Vinegar and hot water really do work on jellyfish stings, according to University of Hawaii-Manoa researchers, while a popular home remedy — urinating on them — is no better than splashing on seawater.
What’s more, neither ice nor cool fresh water alleviate the pain of jellyfish stings — and might even make the problem worse.
Those conclusions come from the researchers who published a study in the journal Toxins this week. The study outlines an array of experiments designed to test the effectiveness of jellyfish sting treatments.
Box jellyfish are among nature’s deadliest creatures and are said to be responsible for more deaths each year than sharks.
Despite the danger posed by these creatures, plenty of confusion still remains about the best way to treat jellyfish stings.
Angel Yanagihara, lead author of the paper, said Tuesday that the constant bombardment of authoritative — yet inaccurate — Internet articles led to the study. Some credible health websites even recommend a preposterous treatment using an ID card and shaving cream.

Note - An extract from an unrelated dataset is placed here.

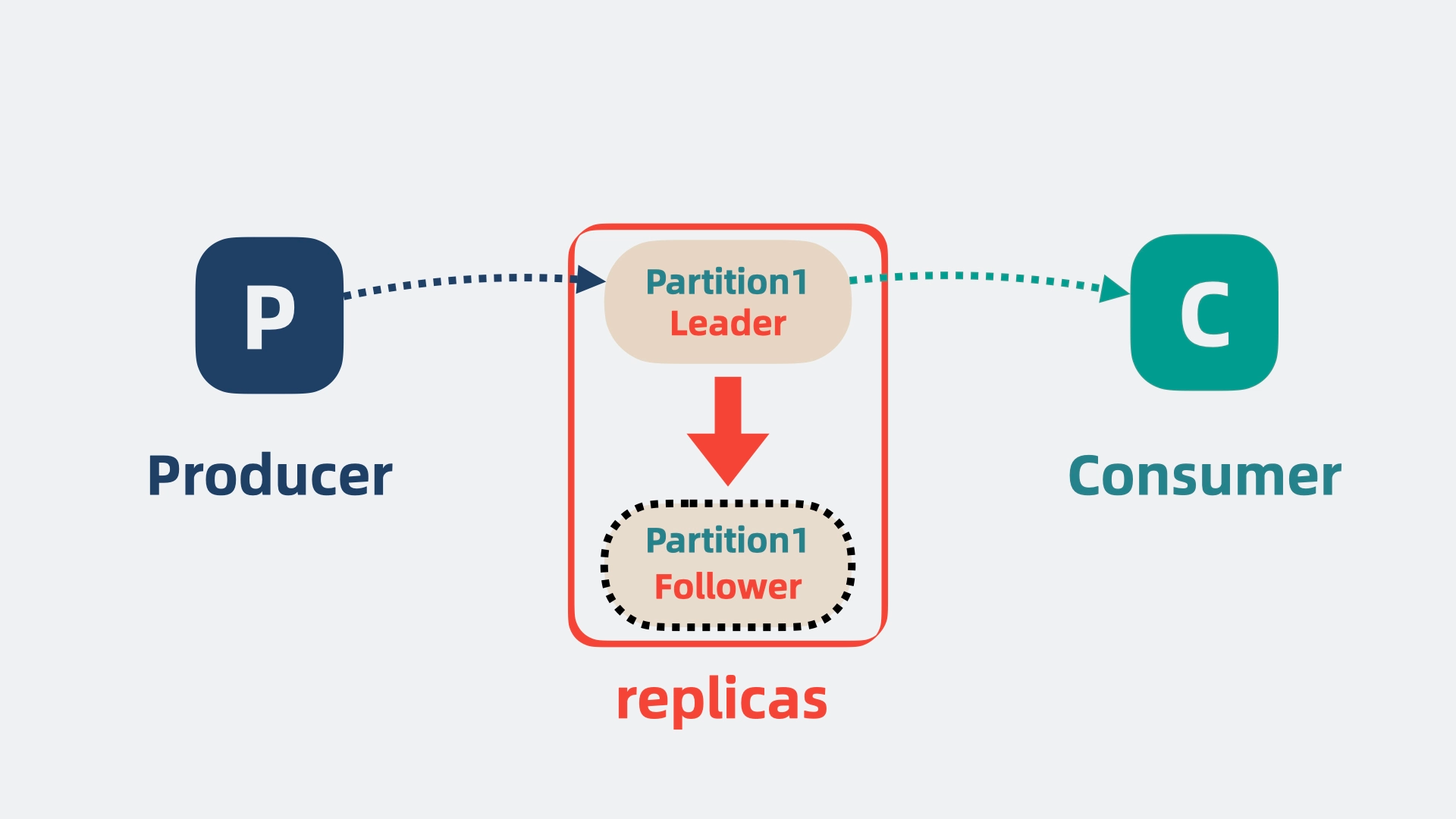 所以需要给 partition 多加几个副本,也就是 replicas,将它们分为 Leader 和 Follower。Leader 负责应付生产者和消费者的读写请求,而 Follower 只管同步 Leader 的消息。

“It’s like an echo chamber out there,” she said. “Once it gets out there on the interwebs, they just seem to repeat each other.”
Yanagihara, assistant research professor at UH’s Pacific Biosciences Research Center and John A. Burns School of Medicine, said she fears that emergency responders and public-health decision-makers might rely on these unscientific articles.

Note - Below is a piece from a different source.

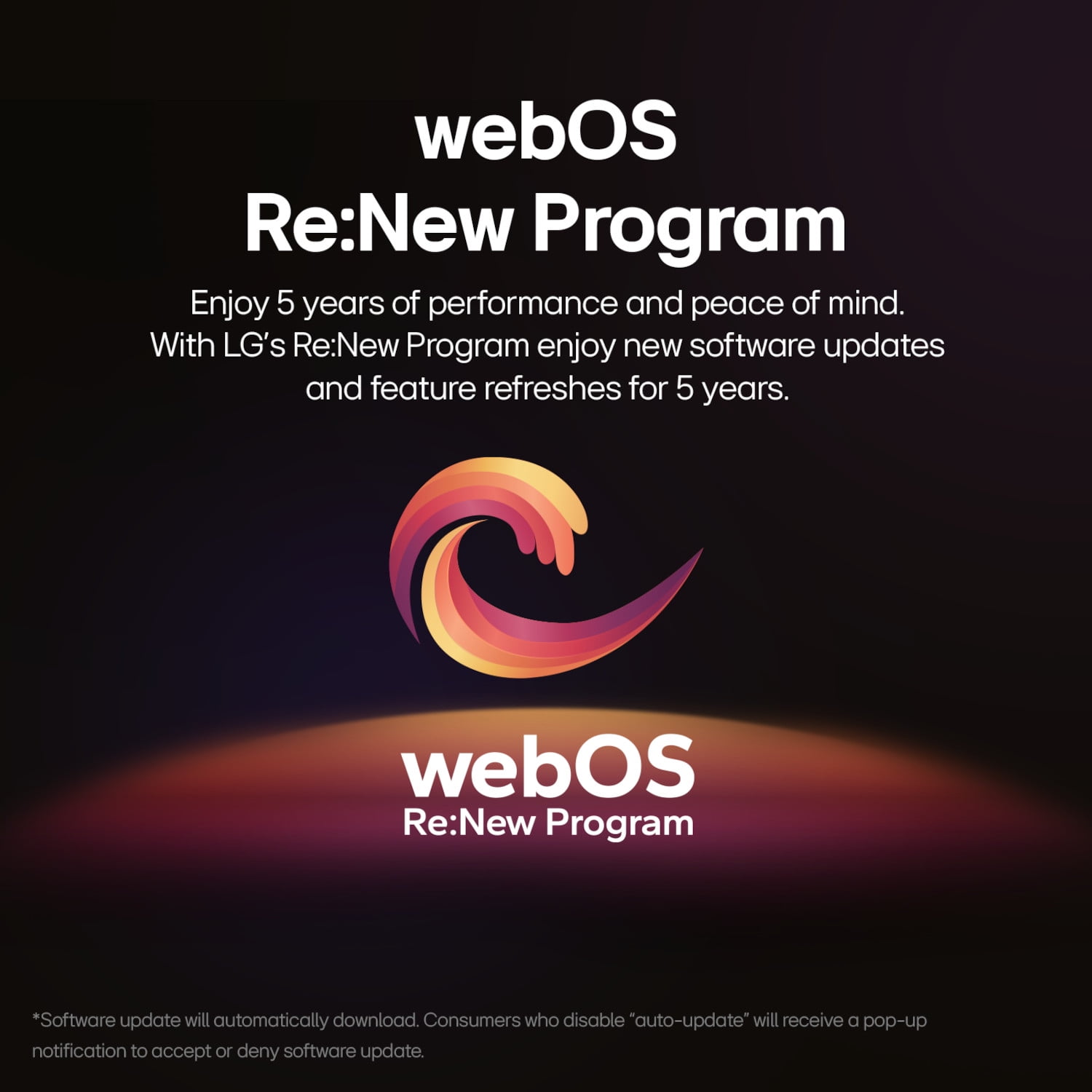 - With webOS & LG Channels, browse your favorite streaming apps & view 300+ free channels. Enjoy up to 5 years of softward updates with webOS Re:New* (*Internet connection and subscriptions to streaming services are required; number of LG Channels subject to change. Software update will automatically download. Consumers who disable “auto-update” will receive a pop-up notification to accept or deny software update.)

In Hawaii, box jellyfish are known to come into leeward and southern shores with the tide at night some eight to 10 days after a full moon.
Yanagihara began studying the problem nearly two decades ago, after she got stung badly by a swarm of box jellyfish during a swim off Waikiki.
At the time, Yanagihara had just finished her UH doctoral degree in biochemistry and was unaware of the jellyfish danger. What followed was three days of bedridden agony.
One thing led to another, and the woman ended up devoting much of her academic career to studying the problem.
“It’s a huge issue,” she said, adding that box jellyfish are known to cause 100 deaths a year around the world.
Yanagihara — with help from Christie Wilcox, a postdoctoral fellow at UH’s school of medicine — devised a unique set of experiments that allowed testing of first-aid measures without putting anyone at risk from the potentially life-threatening box jellyfish venom.
The results from the study show that traditional methods such as vinegar and hot water immersion really are effective against the stings of Hawaiian box jellyfish, or Alatina alata.
“Vinegar, we’ve found, is an absolute, robust and solid, reproducible way to inactivate tentacles and the stinging cells that have been discharged but are left on the skin. So we recommend that as a first course — douse the area with vinegar,” Yanagihara said.
Vinegar has been the top treatment for removing jellyfish tentacles for at least 40 years. Some areas even provide vinegar stations at the beach, Wilcox said.
Hot water works well on jellyfish stings, as well, as it significantly reduces hemolysis, the destruction of red blood cells at the wound. Wilcox advises running the hottest water you can stand for 20 or 30 minutes.
The study also confirmed the effectiveness of Sting No More, a therapeutic ointment and rinse developed by Yanagihara with Department of Defense funding.
Sting No More, which contains vinegar and copper gluconate, inhibits the venom directly and is now being used to treat stings suffered by combat divers with the U.S. Special Operations Command.
Following years of research, the product was released last year to the public in both a rinse solution spray and a treatment cream. It is now is available at the Hanauma Bay gift shop, some dive shops, a few other retailers and online at stingnomore.com.
Ice is not recommended, Wilcox said. It might numb the sting, but you will feel just as bad afterward and maybe worse if the ice scrapes the skin and activates undischarged venom cells.
“People think ice will help because jelly stings burn and ice is cold,” Wilcox said. “But research to date has shown that all marine venoms are highly heat-sensitive. Dozens of studies, including our recent work, have shown that hot water immersion leads to better outcomes than ice.”
A few over-the-counter products were found to be ineffective as well, she added. Lidocaine, ethanol and isopropanol were product ingredients found to be ineffective, according to the study.
While this study tested first-aid measures only against the Hawaiian box jellyfish, the researchers said they would continue experimenting to see how treatments work on stings caused by other common Hawaiian species, including the Portuguese man-of-war, the jellyfish that washes up on windward shores when the wind is strong.
Wilcox said the field has suffered from a lack of standardized, rigorous and reproducible models, and she hopes the new experimental models in the study will lead to better testing of first-aid measures across the globe.